The world is reeling. Our country is suffering. The daily headline for every news channel recites the most recent death toll in which the pandemic, COVID-19, has captured. We are living in a cocoon of fear, where our avoidance of the virus seems to be based mostly on luck and a little on geography. Our existence feels eerily similar to an apocalyptic novel. Most minutes of the day it is hard to believe this is our reality.
As the wife of an emergency physician, I hear the stories of patients suffering. As the sister of a firefighter, I worry for all of the front-line workers who are risking their health and safety for the good of all. As the friend of both a furloughed and laid-off employee, I listen to their concerns of a possible failed economy and lack of future job opportunities. As a family member of an essential worker, a neighbor to parents who are struggling to work full-time and homeschool, a daughter to two high-risk individuals, and a mother to a scared eight-year-old who understands more than I realized, it is impossible to not be touched by this relentless and vicious disease.
2020 will become an iconic time in history, one marked with sadness, loss, grief, and death. As we sit in our homes and wait for the stay-at-home order to be raised, it is very easy to wallow in all that is gone. I will be the fist to admit I am grieving the missed milestone celebrations and the abrupt ending to school. I miss hugging my parents, or simply seeing them at all. I feel waves of gloom and fear as we attempt to stay healthy, and also protect the ones whom I love the most.
What is helping me push through the panic and frustration? Having faith that every cloud has a silver lining. We can embrace the positives while still understanding and being acutely aware of the negatives, a lesson I learned from my dad. Sometime in my mid-twenties, I was having a particularly awful week when my dad called to check on me and offer advice. After listening to me vent, he said, “sometimes the only thing you can do when you are going through hell is just to continue to put one foot in front of the other. Once you have come out the other side, you will look back and see you made it out OK after all. And maybe it wasn’t as bad as you had anticipated. Either way, the important thing is that you made it.”
That one piece of advice has always stuck with me, and it feels particularly applicable in today’s situation. Maybe we can escape our lows by continuing to look forward, and just keep on keepin’ on. Look for the small slivers of hope amongst this mess, and let that guide you to a better place.
What is the good happening from this awful situation? I have a few things in mind.

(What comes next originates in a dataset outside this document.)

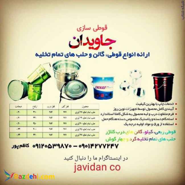 قوطی سازی جاویدان تولید انواع قوطی ، گالن و حلب های تمام تخلیه و ارائه خدمات چاپ تولید قوطی ربعی ، نیمی ، کوارتز ( کیلو ) ، ۴ لیتری درب و حلقه ساده یا دوبل حلب های تمام تخلیه ۵ الی ۳۰ لیتر ارتفاع 20الی 47سانتیمتر استفاده از مواد درجه 1 با کیفیت بالا مخصوص رنگ، شیمیایی، گریس، روغن، هاردنر ، اپوکسی ،تینر ، انواع حلال ، قیر ، پودرهای صنعتی، کودهای شیمیایی، سموم شیمیایی همراه1: 09120539870 همراه 2: 09014277247 تلفن: 021۹۱۰۱۲۴۶۷ اینستاگرام: https://instagram.com/javidan_can آدرس: تهران جاده قدیم قم شورآباد نوار تیپ پارس پارس دریپ کالای آبیاری پارس مدرن لوله قشقایی لو له نخدار پارس نوار پارس نوار تیپ پارس آبیاری پارس آبیاری قطره ای نوار قطره قطره پلاستیکی پارس کالای آبیاری پارس سیدرضا موسوی نوار آبیاری قطره ای لوله نخدار لوله های نخدار قشقایی نخدار اتصالات نوار و لوله نخدار قشقایی نوار تیپ، نوار ابیاری پارس دریپ نوارآبیاری قطره ای نوار تیپ قطره کشاورزی آبیاری قطره ای اتصالات لوله لوله لوله سه لایه لی فلت آبپاش اتصالات آبیاری ابیاری برا کشاورزی تجهیزات کشاورزی کالای کشاورزی بغل دوخت... پلاک ممتد(لاین وسط) وسط دوخت بافشارشکن جدید نوارآبیاری قطره ای بغل دوخت کود و سم و بذر نایلون پلاستیک کشاورزی پارس دریپ وسایل کشاورزی وسایل آبیاری آبیاری پیشرفته نوار آبیاری اسم وسایل کشاورزی ابزار وسایل کشاورزی وسایل کشاورزی جدید وسایل کشاورزی قدیمی ادوات کشاورزی تیلر کارخانه ادوات کشاورزی اجاره ادوات کشاورزی وسایل کشاورزی دستی قیمت لوله سه لایه لوله سفید سه لایه لوله سه لایه وحید لوله سه لایه پلی پروپیلن قیمت لوله سه لایه نیوپایپ لوله پنج لایه لوله سه لایه اذین لوله های سه لایه پی وی سی اتصالات لوله پلیمری اتصالات لوله گالوانیزه اسامی اتصالات لوله آب pdf نام اتصالات لوله سفید اب اتصالات لوله فلزی قیمت اتصالات لوله کشی آب ساختمان قیمت اتصالات لوله سفید کاتالوگ اتصالات لوله سفید قطره چکان تنظیمی قیمت قطره چکان قطره چکان کشاورزی قیمت قطره چکان نوزاد قطره چکان ایرانی قطره چکان درخت قطره چکان پلاستیکی دستگاه نوار تیپ نوار تیپ کشاورز کاتالوگ نوار تیپ آبیاری فروش نوار تیپ تهران دبی خروجی نوار تیپ نوار تیپ آیتک انواع نوار تیپ آبیاری قطره ای قیمت نوار تیپ قطره ای قیمت نوار تیپ 1000 متری قیمت شیلنگ قطره ای گلخانه کاتالوگ نوار تیپ آبیاری قیمت نوار تیپ پلاک دار نوار تیپ کشاورز قیمت هر رول نوار تیپ شرکت لوله نخدار قشقایی لوله نخدار آسایش شرکت مدرن لوله قشقایی نوار آبیاری پلاکدار نوارهای ابیاری نوار تیپ درزدار قیمت مواد اولیه نوار تیپ دبی خروجی نوار تیپ نوار تیپ ایرانی آبیاری نواری تیپ نوار pvc قیمت نوار اتویی ام دی اف نوار پی وی سی چیست نوار پی وی سی کارن قیمت نوار لبه اتویی نوار پی وی سی ارزان قیمت نوار پی وی سی اتویی نوار پی وی سی پشت چسب دار روش محاسبه آبیاری قطره ای صفر تا صد آبیاری قطره ای نمونه طرح آبیاری قطره ای قیمت آبیاری قطره ای آبیاری قطره ای درخت معایب آبیاری قطره ای نکات مهم در آبیاری قطره ای آبیاری قطره ای چیست نایلون کشاورزی چیست کارخانه تولید پلاستیک کشاورزی نایلون کشاورزی تهران نایلون گلخانه قیمت نایلون کشاورزی کیلویی نایلون عریض مشکی نایلون عریض کشاورزی قیمت پلاستیک هندوانه قیمت سیم تونلی کشاورزی سیم کشاورزی قیمت سیم کشاورزی فروش سیم کشاورزی سیم گالوانیزه کشاورزی

- For those with school-aged children, can we all collectively agree teachers deserve to be paid $1,000,000,000 dollars a year? How they teach our children to read, compute this new-age alien math, and sit still for eight hours a day is beyond me. We already knew before the pandemic teachers are miracle workers, but now perhaps, the world will actually do something to compensate them for their voodoo magic.
- The true backbone of this country always has been, and always will be, the workers who show up everyday for ordinary jobs. The world has never been built on celebrities, politicians, and ball players. The janitors, grocery stockers and checkers, healthcare workers, scientists, truck drivers, postal workers, delivery personnel, and small business owners are the ones who have always made the world go round and are currently keeping us all afloat. We are finally shining a light on what they do, when they should have been recognized all along. It is now evident, more than ever, they deserve an appropriate compensation for the important work they provide.

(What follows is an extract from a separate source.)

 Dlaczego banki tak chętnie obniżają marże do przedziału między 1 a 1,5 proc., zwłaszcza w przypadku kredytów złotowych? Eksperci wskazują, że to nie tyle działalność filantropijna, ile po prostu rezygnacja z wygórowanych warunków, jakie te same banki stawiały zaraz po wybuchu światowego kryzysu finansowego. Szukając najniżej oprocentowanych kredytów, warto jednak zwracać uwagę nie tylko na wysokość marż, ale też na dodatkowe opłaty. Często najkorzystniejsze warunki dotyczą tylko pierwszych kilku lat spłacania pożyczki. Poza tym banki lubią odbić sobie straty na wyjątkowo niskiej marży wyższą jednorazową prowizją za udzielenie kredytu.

- Mothers. Wow, are we resilient and strong. On a normal day we feel as though the weight of the world is on our shoulders. But now we are taking on additional responsibilities as we fight to protect, shelter, teach and provide for our children. If you can’t find a sense of power in simply making it through the day you are selling yourself short. All that you do, and all that you are taking on, is noble.
- Our children are learning lessons they might not have had a chance to otherwise. They are soaking up more sunshine than ever before. Our overly-scheduled lives have come to an abrupt halt. Instead of rushing to practices and organized activities, kids are simply playing. Being bored is more than acceptable, as it encourages creativity, ingenuity, and self-reliance.

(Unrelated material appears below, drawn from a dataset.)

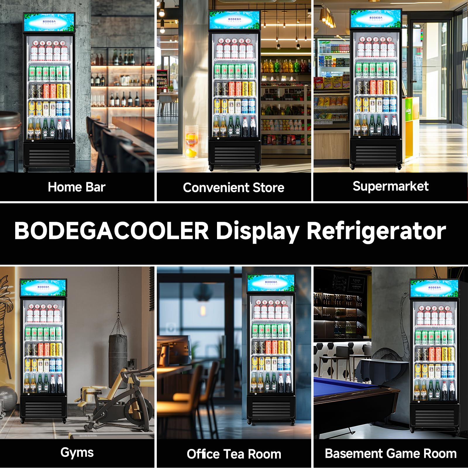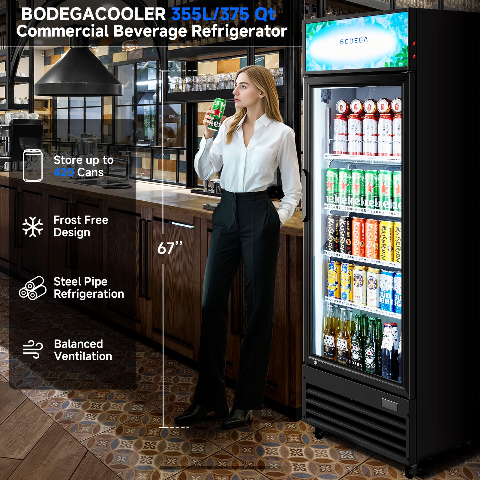 • 🍨【355L/375 Qt Capacity Commercial Refrigerator】 BODEGACOOLER commercial display fridge measures 22.6"D x 22.7"W x 77.9"H, with 355L/375 Qt capacity. The large black commercial cooler refrigerator glass door holds up to 420 standard soda cans or 160-750ML beverage bottles. Inside, it has 5 adjustable shelves and 10 shelf slots at different heights for flexible shelf adjustment to fit drinks of various sizes.

- Perseverance has always been a trait of the American people, and it shows now in every facet of our society. We are allowing our children to see the importance of grit. This is (hopefully) a temporary situation, in which we will make it through. By carrying on in the face of adversity we are comforting those scared children and giving them the reassurance they need to look ahead.
- Our sense of community has changed for the better. Giving back can mean many different things. Perhaps it involves helping a high-risk neighbor with groceries, cheering on healthcare workers as they enter another day of battle or writing sweet notes to grandparents. Charity and love, as said by Mother Teresa, always begins at home, and we are embodying this in so many important ways during the pandemic. We are scooping up those whom we love the most, and making sure they are safe and healthy. By doing so we are also protecting and loving those whom we don’t even know.
We all now realize we can get through tough times. The days and weeks ahead will be filled with uncertainty, but we can and will persist. All that truly matters in this world is health and family. Stay safe, stay home, and keep on, keepin’ on. We will get through the other side, and everything will feel a little sweeter. Better days are ahead.